The Morlock began what has continued to this day, namely my night terrors. After watching that movie I began having nightmares so upsetting that I soon could not sleep without a light on in my room. I would awaken, in the middle of the night, terrified and with beating heart and find that I could not get back to sleep. My terror was so complete I would have to sit with my back to the wall in my bed (after having checked under to make sure nothing lurked) and keep my eyes opened in order to protect myself from the creatures in my closet who were lurking to grab and devour me. I knew it was silly, I understood that it was only my sub-conscious mind run rampant, but it didn't matter. I was in fear for my life and must keep vigil least it be forfeit.



My old AM radio became my ally. Tuning knob in hand I would search the late-night airways looking for the ionospheric bounce which would bring me lonely sounds from Wichita or other places unknown and I would listen to the high, lonesome sound of Hank Williams and the sad ballads of Mickey Newbury. I would hear Red Sovine tell me the tale of "Phantom 309" which is still a favorite today because it told me a ghost tale of a different kind. A tale of a ghost who meant well for all and in the sacrifice of "Big Joe" I found an icon which warmed my heart and gave my juvenile mind an archetype of friendliness to emulate. Many were the hours I sat, tuning knob in hand, searching for the distant sounds which would tell me that I was not alone in my dark vigil. These sounds soothed me and eventually I would be able to sleep again, confident that the world went on and I was safe from the cannibalistic evil seeking my hide.

But although the heavy terrors of the night are gone, I still awaken sometimes with racing heart and dreams I cannot recall. I find that in the lonely hours of the night I must reach out again for the radio, the sounds different these days but the same in so many ways. I listen to plaintive celtic ballads and rock music talking of love and loss and if I'm really lucky, I'll find a college station where the late-night DJ is playing Tom Waits' excellent re-telling of "Phantom 309".

At times like these I find that I'm in love with my lonely vigil.
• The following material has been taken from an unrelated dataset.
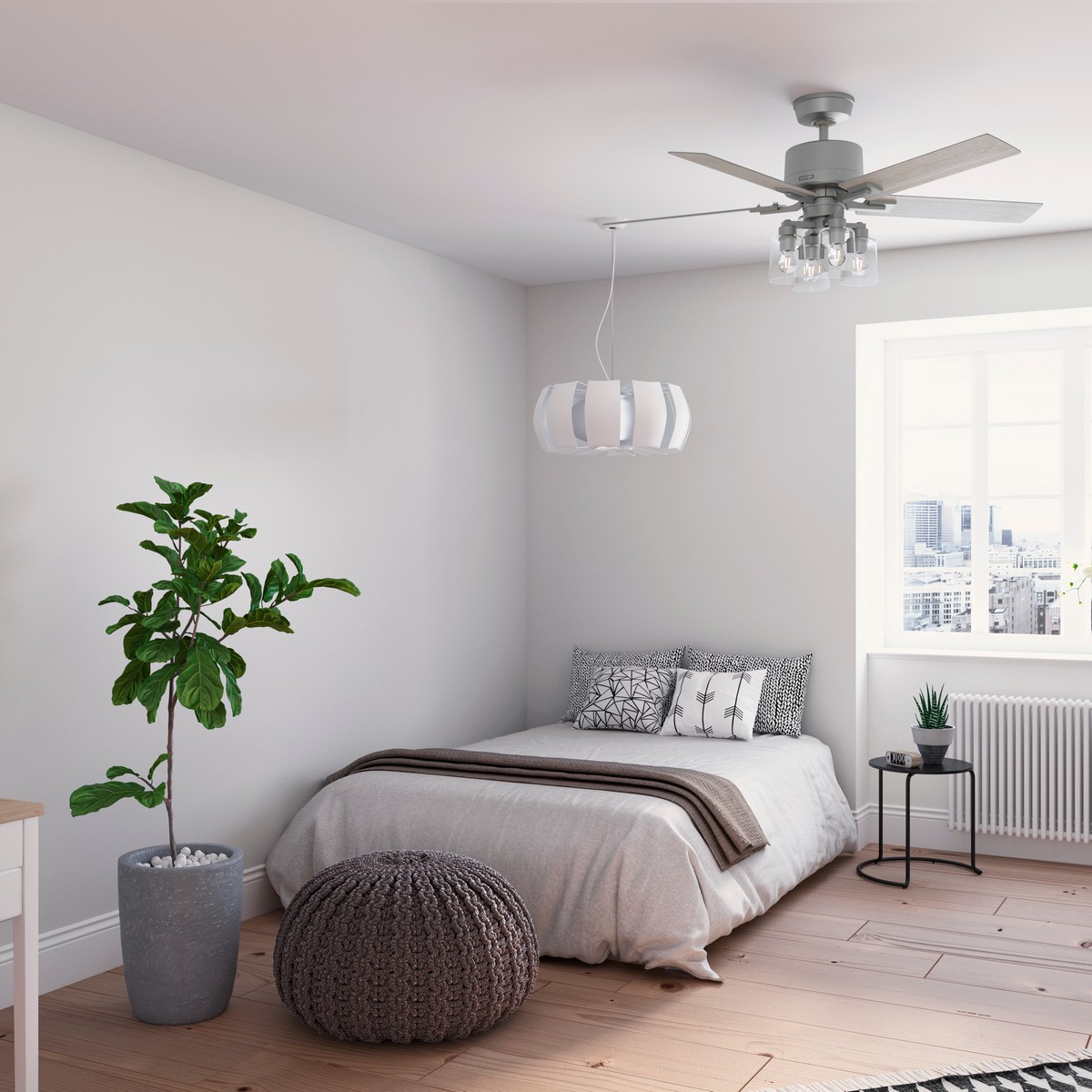 Hunter 52 inch Techne Wi-Fi HunterExpress Matte Silver Ceiling Fan with LED Light Kit and Handheld R
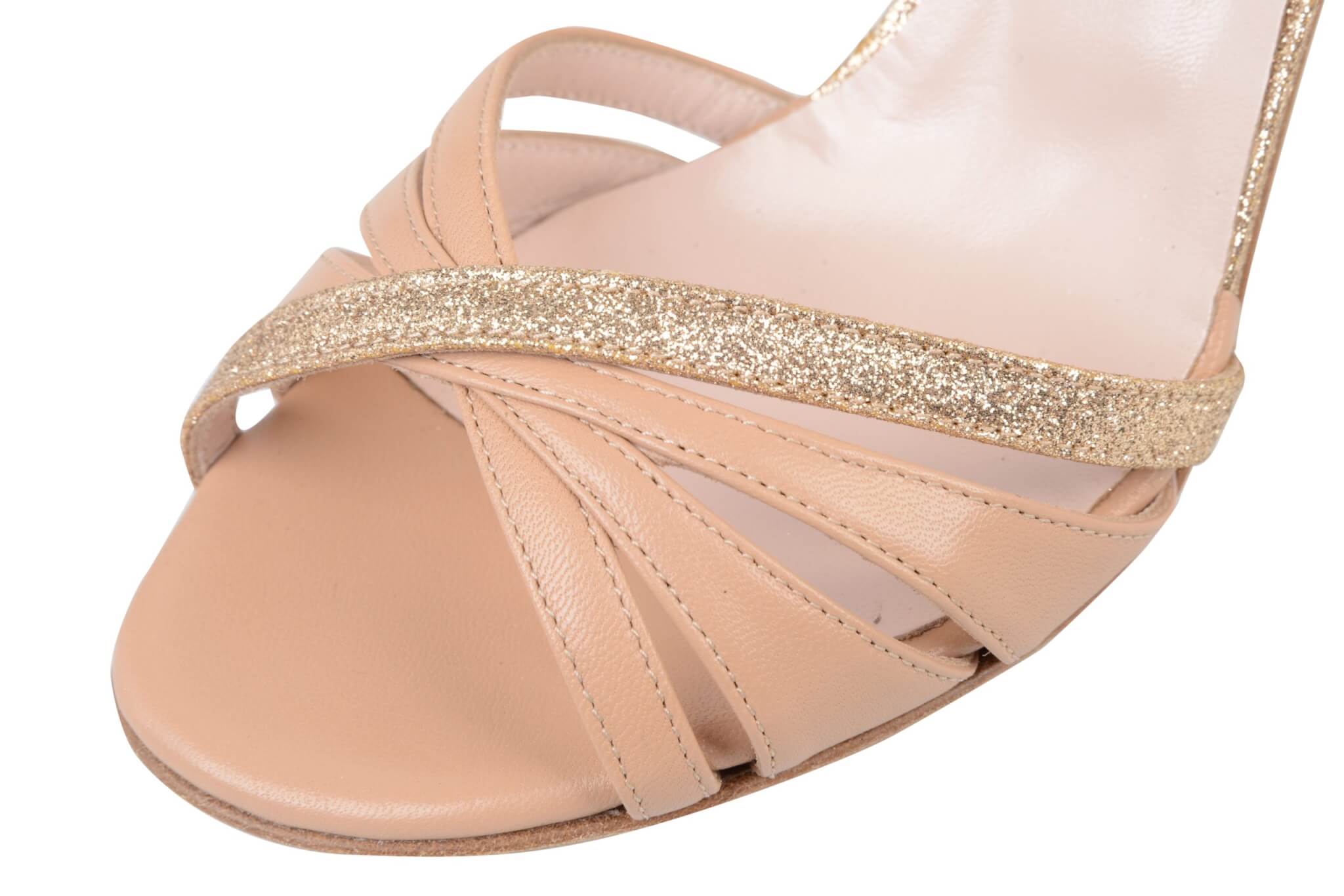 肌馴染みの良いキャメルベージュの上質な表革にピンクゴールドのラメをポイントにあしらった毎日履きたいオープンヒールモデル。同色のピンヒールに上質な革底を使用。

It has given me a view-point of life which, though singularly difficult to express, has moulded me into the man I am. I would not change my quiet walk with the distant drummer for anything and though I blame Rod, I also love his work and will sit up late at night to watch his movies. Soon my heart subsides from its racing and I will go back to sleep. To sleep, perchance to dream.

I wonder where my old Red Sovine album went...

3 Comments:

Blogger Mermaid Melanie said...

The Red Sorvine? The morlocks took it while you were sleeping!

i had the biggest crush on Rod...he was a hotie. And oh so jealous of the woman in the birds. What was her name? Tippi Hedron...yea.

and you are right. the solitary walk actually is what we all do. We truly are alone in ourselves. despite who we surround ourselves with.

keep up the vigil friend.

;-)

11:08 AM  
Blogger Michelle said...

I still have moments where I leap, with pounding heart in my ears, into wakefulness. I've held my hand over my chest (silly, I know) for fear it would jump clean out of my body if not physically held in check.

I would not, for a moment, change who are but I sure do hope that for every bad dream or sleepless night, that you have one of deepest, restful, slumber and magical dreams.

{{{hugs}}}

~M~

5:47 PM  
Blogger edieraye said...

It is interesting to think about - if you hadn't seen that particular movie would you have still had all those lonely nights? I would guess yes. But what form would your demons have taken? And would the different shape have changed who you are?